Recorded data:

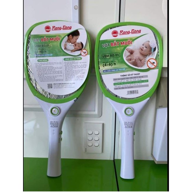 Rạng Đông, BH 2 năm, Vợt bắt mỗi siêu bền, hàng Việt Nam - Chất lượng caoVợt bắt muỗi điện tử VBM RD.01 Rạng Đông có đèn chiếu sáng Led tích hợp và đèn báo sạc pin tiện lợi cho người sử dụng.
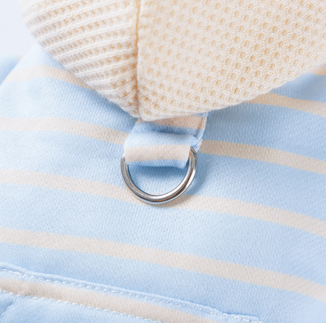 This is our adorable bunny-pocket dog outfit, featuring a soft purple body, striped top design, suspender-style shoulder details, and a lovely front pocket with bunny and fruit decoration for an extra charming look. We can customize the colors, patch design, pocket style, button details, fabric, D-ring position, and sizing to match your brand and market needs.
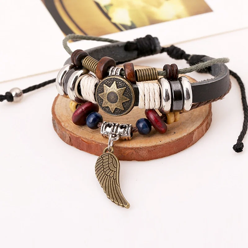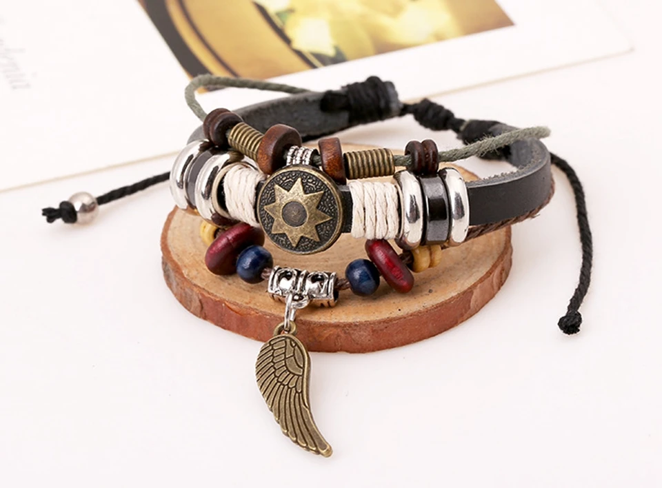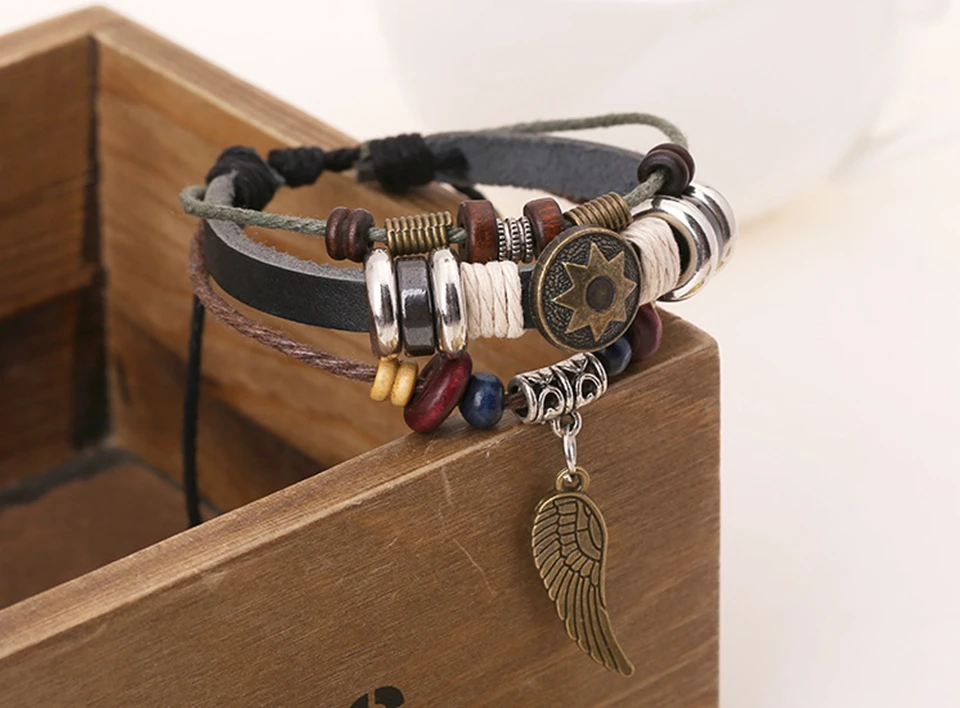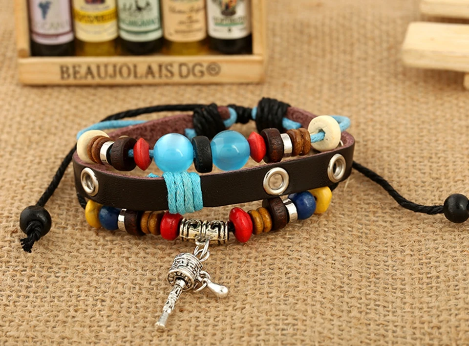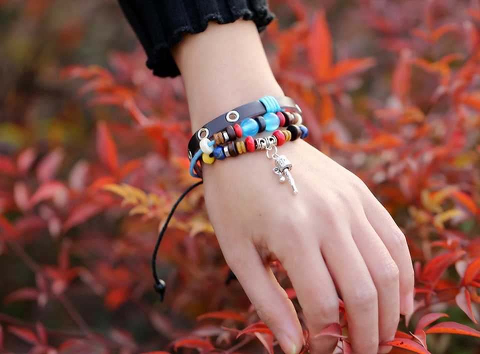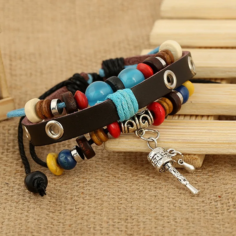 Item Name:Handmade leather plaited wrap bracelet charm pendant bracelet jewelry
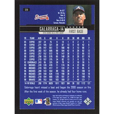 This is a 2000 Upper Deck Andres Galarraga baseball card. The card is #320 and pictures show condition.

Your objective: When you return the listing, keep it exact and omit any pictures it holds.

Your solution:
 Rạng Đông, BH 2 năm, Vợt bắt mỗi siêu bền, hàng Việt Nam - Chất lượng caoVợt bắt muỗi điện tử VBM RD.01 Rạng Đông có đèn chiếu sáng Led tích hợp và đèn báo sạc pin tiện lợi cho người sử dụng.
 This is our adorable bunny-pocket dog outfit, featuring a soft purple body, striped top design, suspender-style shoulder details, and a lovely front pocket with bunny and fruit decoration for an extra charming look. We can customize the colors, patch design, pocket style, button details, fabric, D-ring position, and sizing to match your brand and market needs.
 Item Name:Handmade leather plaited wrap bracelet charm pendant bracelet jewelry
 This is a 2000 Upper Deck Andres Galarraga baseball card. The card is #320 and pictures show condition.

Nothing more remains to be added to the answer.